# Instructions to follow:
Below are the records. Reproduce exactly the lines from the one containing "CHINESE WHITE JADE" through the final line, and omit any pictures.

*** Available data ***

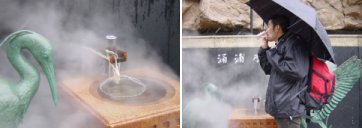 体が冷えてきたので,酒屋に行って熱澗を探したのですが,見当たりません. しかし,ここは温泉街.温泉が湧き出しているではありませんか.それを使って熱澗を作ることにしました. 湧き出ている温泉は本来飲んだり温泉卵を作ったりするためのようですが,かなりの高温で, 数分間酒瓶を付けていると良い具合に熱澗ができあがりました.
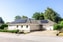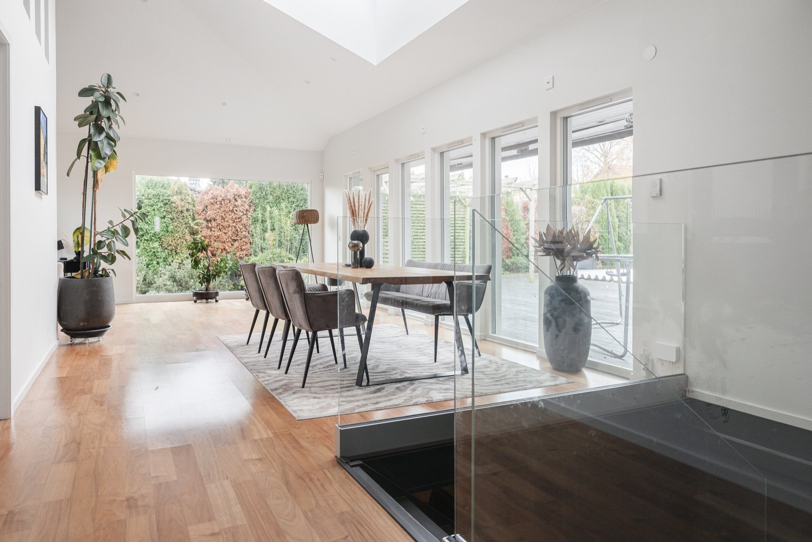 Huset är ett modernt enplanshus med stort fokus på ljusinsläpp tack vare de stora fönstren som sträcker sig från golv till tak.
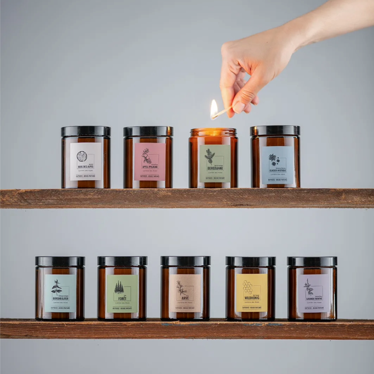 Über Jahre hinweg hat Lumière des Alpes verschiedene Aromen, Wachsmischungen und Gefässe miteinander kombiniert und ausprobiert. Das Resultat ist diese Duftkerzen-Kollektion mit heimischen Aromen in höchster Qualität. Jede Duftmischung wird sorgfältig von Hand angerührt und mit dem Wachs in die Gläser abgefüllt. Bis hin zur händischen Beschriftung der Gläser finden alle Arbeitsschritte in der Schweiz statt. Dezente, erdige Pastelltöne mit den zum Duft passenden Zeichnungen schmücken neu unsere Apotheker-Gläser. Die Etiketten, einzeln von Hand angebracht, fühlen sich durch den speziellen Softtouch-Lack angenehm in der Haptik an.
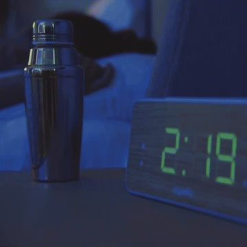 When alarm goes off, shake & drink!
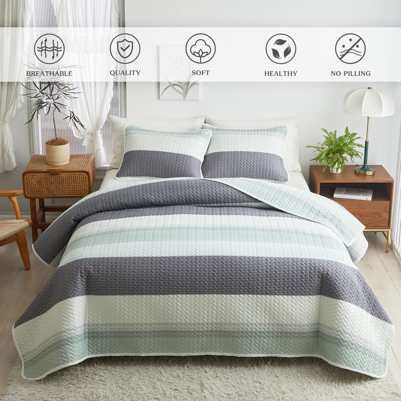 Q: Can I use the Flysheep quilt set in a guest room or vacation room?A: Absolutely! The elegant gray, green, and white striped design of the Flysheep quilt set makes it a perfect choice for use in living rooms, guest rooms, and vacation homes, adding a modern touch to any decor.
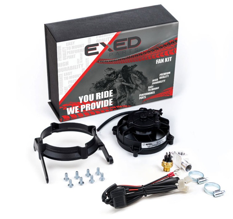 Original SPAL Radiator Cooling Fan and Mounting Kit for KTM and HUSQVARNA with Thermoswitch, Dirt Bike Models from 2017 to 2023, 2+4 Stroke TECHNICAL DATA: – fan model that can be mounted in front of the cooler. – mounting diameter: 109mm – wing diameter: 96cm – mounting depth: 48mm – voltage: 12V – power input: 1,9A – air quantity: 210 m³/h – weight: 0,4 kg PACKAGE INCLUDES: – 1 x Fan/Ventilator – 1 x Radiator Mounting Bracket – high grade plastic – 1 x Thermoswitch Temperature Sensor, aluminium seal ring 100°-93°C – 1 x Thermoswitch Cable – 1 x Aluminium T – 1 x Fan wiring harness – 8 x Screws – 2 x Blind rivets – 1 x Installation Instructions
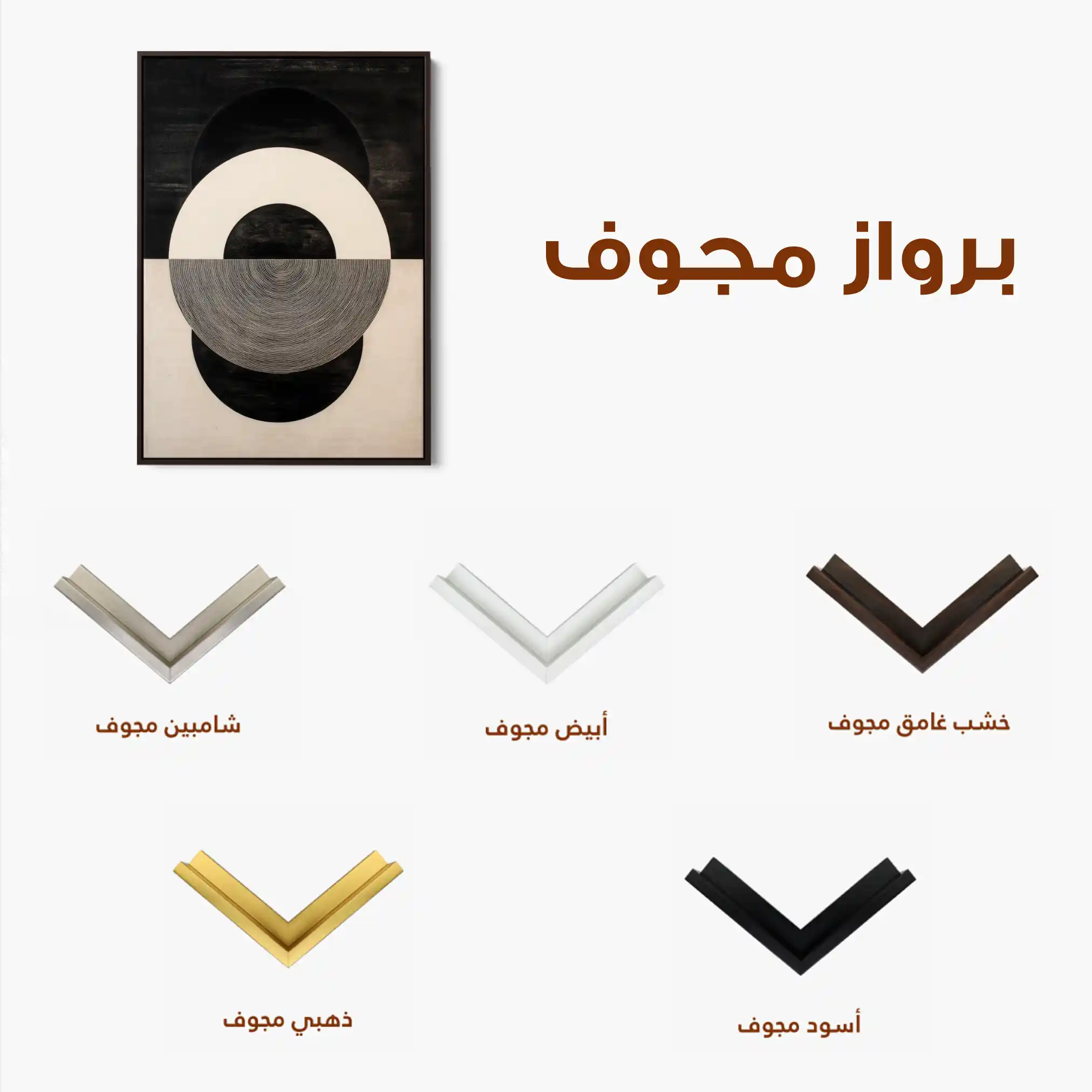 • الإطار (مجوف): إطار نحيف بفراغ رفيع يحيط باللوحة ليُبرز الحافة ويمنح ظلاً خفيفاً وإحساس صالات العرض؛ يصل جاهزاً للتعليق.
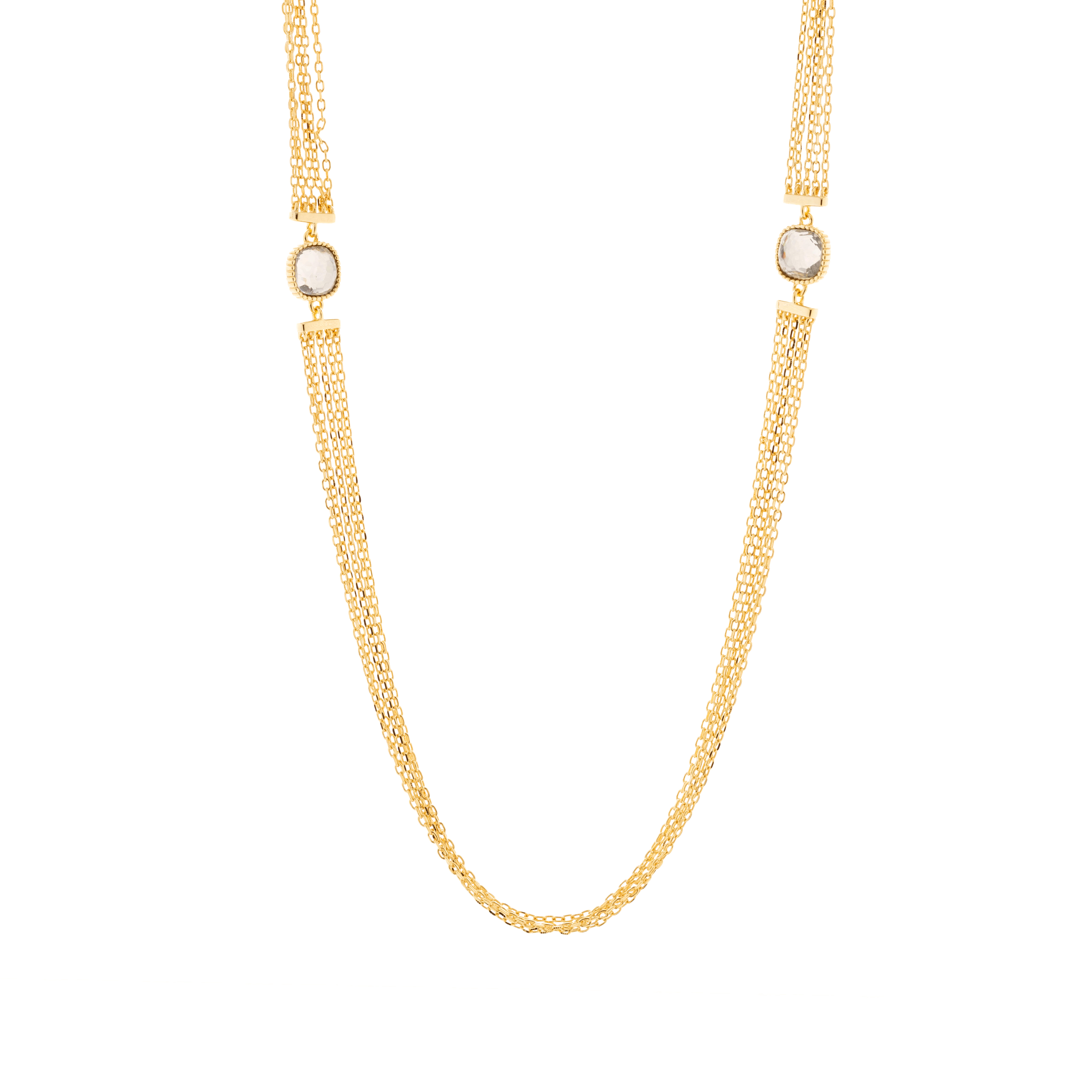 Κολιέ ασημένιο επιχρυσωμένο με πολλαπλέ αλυσίδες και ζιργκόν πέτρες καρφωμένες.
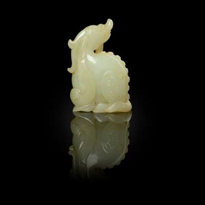 CHINESE WHITE JADE WITH RUSSET SKIN CARVING OF A MYTHICAL ANIMAL, TIANLU
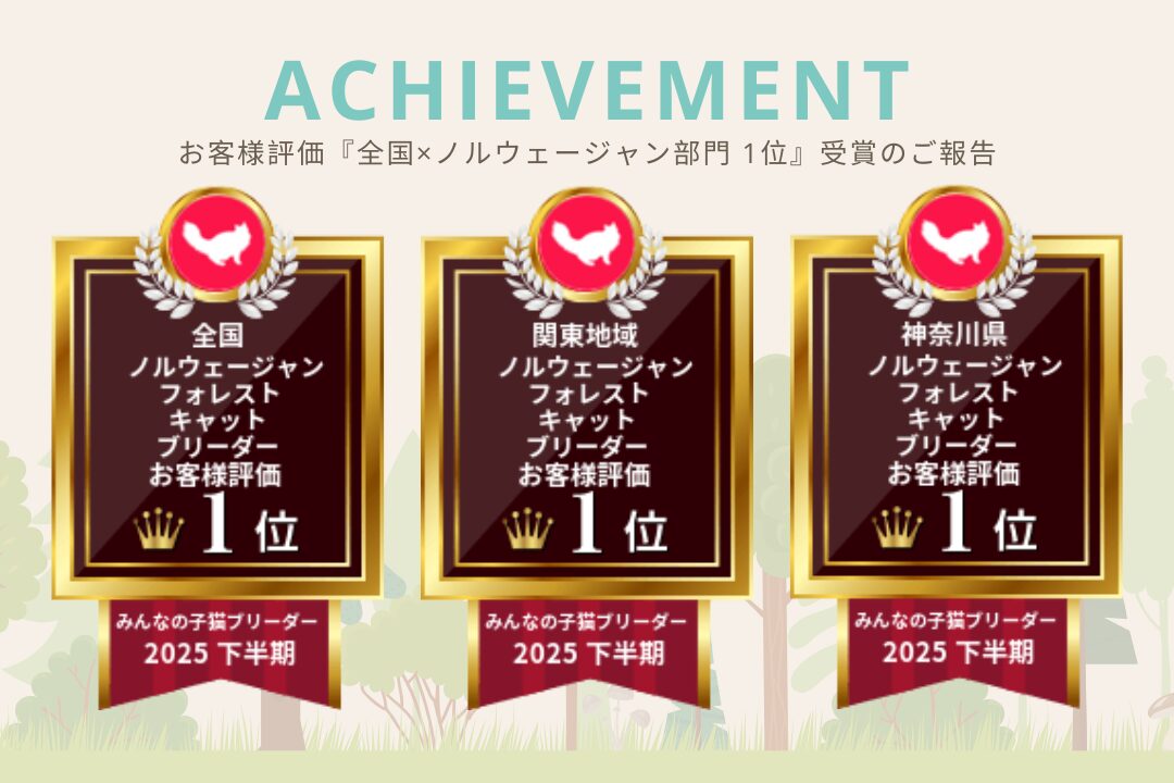 【全国 ノルウェージャンフォレストキャット部門 1位】(前期3位、前々期2位)

*** End of Available data ***

# Answer to this task:
 CHINESE WHITE JADE WITH RUSSET SKIN CARVING OF A MYTHICAL ANIMAL, TIANLU
 【全国 ノルウェージャンフォレストキャット部門 1位】(前期3位、前々期2位)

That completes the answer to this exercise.